Luna smiled. She took one of his hands and poked it with her fingers.
“What are you doing?”
“Counting your freckles. I have them, too, see?” She proudly exhibited a dotted mitt then squeezed his tightly. “Will you be here tomorrow?”
“No, child. I have my own house.”
“I’ll take very good care of Winslow,” she vowed, “and when we go, I’ll put him back where I found him.”
In the situation at hand, having very likely lost Irene, a toy kitten seemed of little consequence. Soames stared at the floor. “Oh, keep the damn thing. I have no use for it.”
The child gave a delighted gasp and sat up, raining kisses along his hairline. Soames flinched. He’d known so little affection it was jarring to have this strange tyke hanging on. A wave of regret washed over him. In better circumstances this might have been his own child at bedtime showering him with tenderness. But, no.
He gently extricated the little arms. “It’s only an outmoded trinket. Back in bed with you! See? You’ve mussed the covers.”
Luna nestled against the pillows, beaming as he tucked the toy beside her. “I’ll keep him near me, always!”
Doubtless the child would leave poor Winslow in some other ratty hotel. Soames rubbed the shabby tabby’s head; one last farewell to childish things. After the weekend Luna Forsyte and her kin would be banished far from Park Lane as possible. All it would take was a moderate settlement and stern warning.
“Goodbye.” Soames uttered, moving quickly to the door. It was time to face reality, even if he had to drag his wife kicking and screaming into it. As they departed in the carriage, Irene’s profile coolly impassive, he felt the familiar rage rising.

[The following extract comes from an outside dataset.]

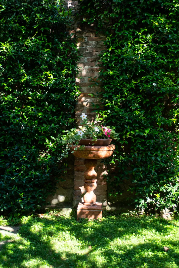 Le rose colorano in primavera la bella cancellata in ferro battuto, a cui dalla corte si accede al prato. Tra i fiori anche le ortensie, le azalee, i gelsomini, le camelie e altre essenze stagionali. Grazie alla presenza dei tanti alberi, che crescono qui e nei giardini vicini, non è insolito avvistare o ascoltare in questa zona i richiami dei picchi, delle civette e dei falchetti. Oltre a una piccola comunità di gatti domestici, è presente da molti anni anche un grosso rospo, che si muove silenzioso nelle ore notturne.
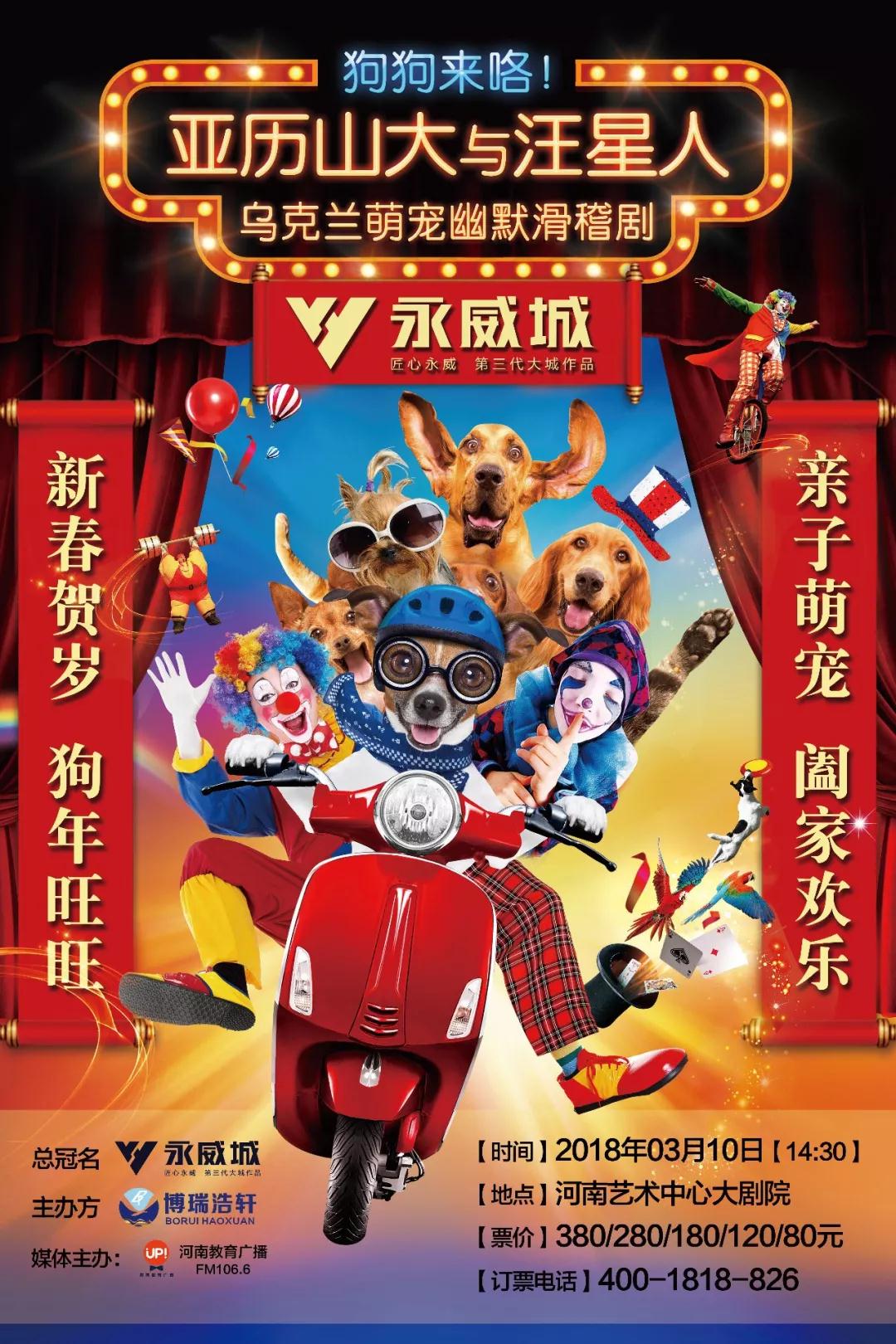 狗年來啦!狗年當(dāng)然要看汪星人主演的劇啦。2018年3月10日(周六)河南藝術(shù)中心開年大戲——烏克蘭萌寵幽默滑稽劇《亞歷山大與汪星人》首次來華,空降鄭州。一起喜樂過旺年啦!

“Will you let me go?” She formed the words precisely, as if in a play. Soames’ heart plummeted into his gut.
“No,” he said. “No.”
As the horses clip-clopped up the drive to retrieve passengers, Luna Forsyte rushed to the window, wedging between the heavy velvet draperies to seek the coppery head of her hero. He wore a cape, extending a white-gloved hand to help a woman into his carriage. The door clamped shut and the conveyance rattled away. Luna rested her brow against the cold glass, watching until it was out of sight. She embraced the toy, rocking it, instinctively knowing that comfort was needed.